The airline recovery was expected to be swift in 2022, but several macroeconomic factors have impacted the industry, despite demand in the summer soaring. High energy prices, soaring inflation and staffing issues have further affected the industry after it was severely impacted by lockdown and travel restrictions. Analysts and investors are looking to 2023 as the year airline share prices potentially make a strong recovery, but the current headwinds make the near-term environment challenging.

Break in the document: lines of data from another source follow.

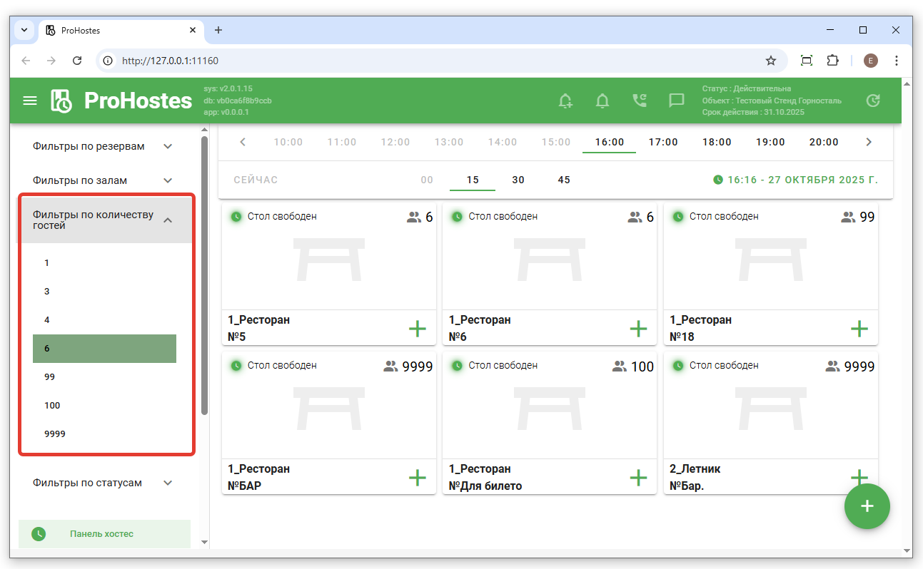 Например, можно показать только столы, доступные для посадки десяти гостей и более.
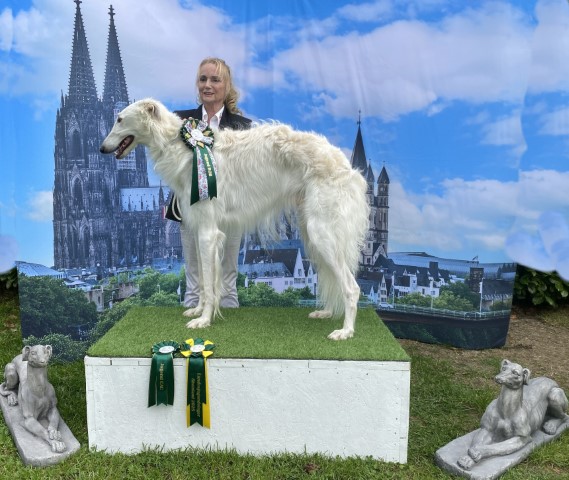 30.08.2025: Ach du liebe Güte, ich dachte, ich hätte Beryll für das S&L in Münster abgemeldet, doch 3 Tage vor der Ausstellung erfuhr ich - ganz zufällig - , daß er auf der alten mail-Adresse noch gemeldet war. So dachte ich mir: Wenn ich schon für ihn zahlen muß, dann kann ich ihn auch mitnehmen. Ich habe selten so enttäuschte Barsoigesichter gesehen, als die beiden merkten, daß es nicht zum Rennen ging! Corund war von den meinen als erster drann und erhielt ein V1, VDH. Ich freute mich, denn er gefiel der Richterin Frau Märki-Casanova sehr gut! Sie sagte zu mir: "Das Schleifchen bekommt er später!" Er mußte ja noch gegen die Gebrauchshundeklasse stechen, doch sie ging davon aus, einen der "üblichen" Gebrauchshunde zu sehen. Dann kam Beryll! Auch er bekam ein V1, VDH, und beide mußten gegeneinander stechen! Steffie half mir und nahm Beryll. Und das Glückskind erlief mit ihm das CAC!
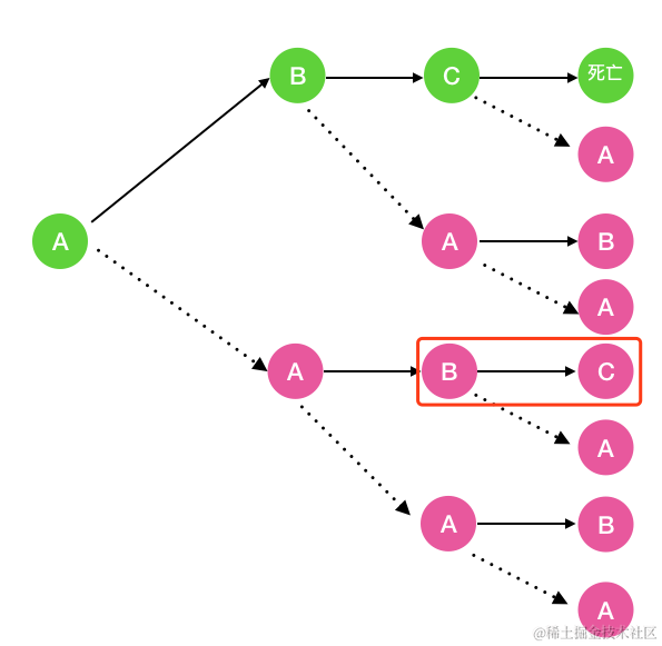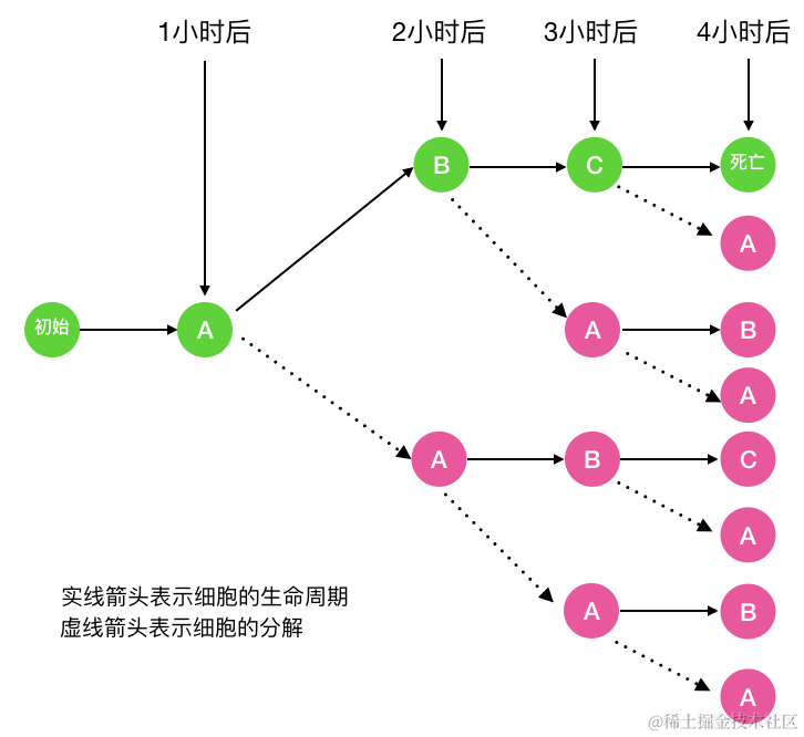 图中的 A 代表细胞的初始态, B代表幼年态(细胞分裂一次), C 代表成熟态(细胞分裂两次),C 再经历一小时后细胞死亡
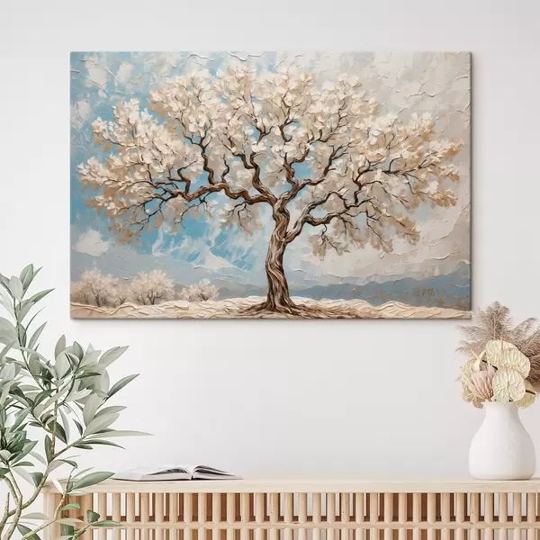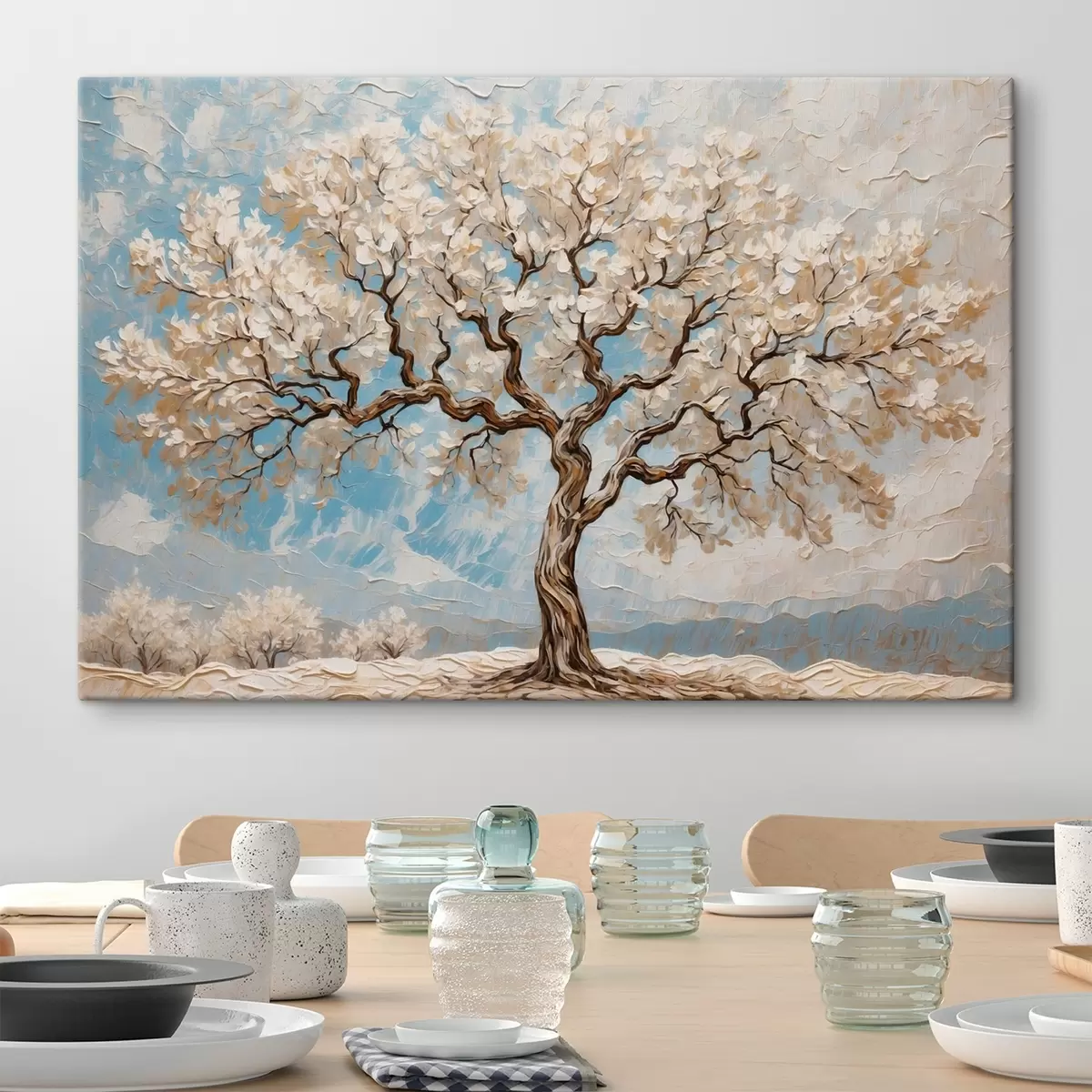 Schilderij Witte boom op blauw-witte achtergrond Art. s42275

However, in the fourth quarter, EasyJet flew 26.3 million seats, operating 88% of FY19 capacity, while load factors have risen, ending the quarter at 92%. As a result, total group revenue in the fourth quarter is expected to be around £2.515 billion, driven by solid demand for EasyJet's leading network, the continued outperformance of ancillary products and EasyJet holidays.
Capacity for fiscal Q1 2023 is expected to be up around 30% year-over-year to approximately 20 million seats, representing 83% of the same period in 2019, pre-pandemic, while booked load factors are ahead of the same point in 2019.
“Our summer 23 season went on sale last week and we were filling the equivalent of more than four A320 aircraft a minute in the opening hours demonstrating the continued demand,” commented Johan Lundgren, CEO of EasyJet.
“easyJet is Europe's largest operator at primary airports with one of the strongest balance sheets in the aviation industry. We face the uncertain macro-economic environment with many strengths through our brand, network and business model which enable us to provide low fares to millions despite the rising cost of living.”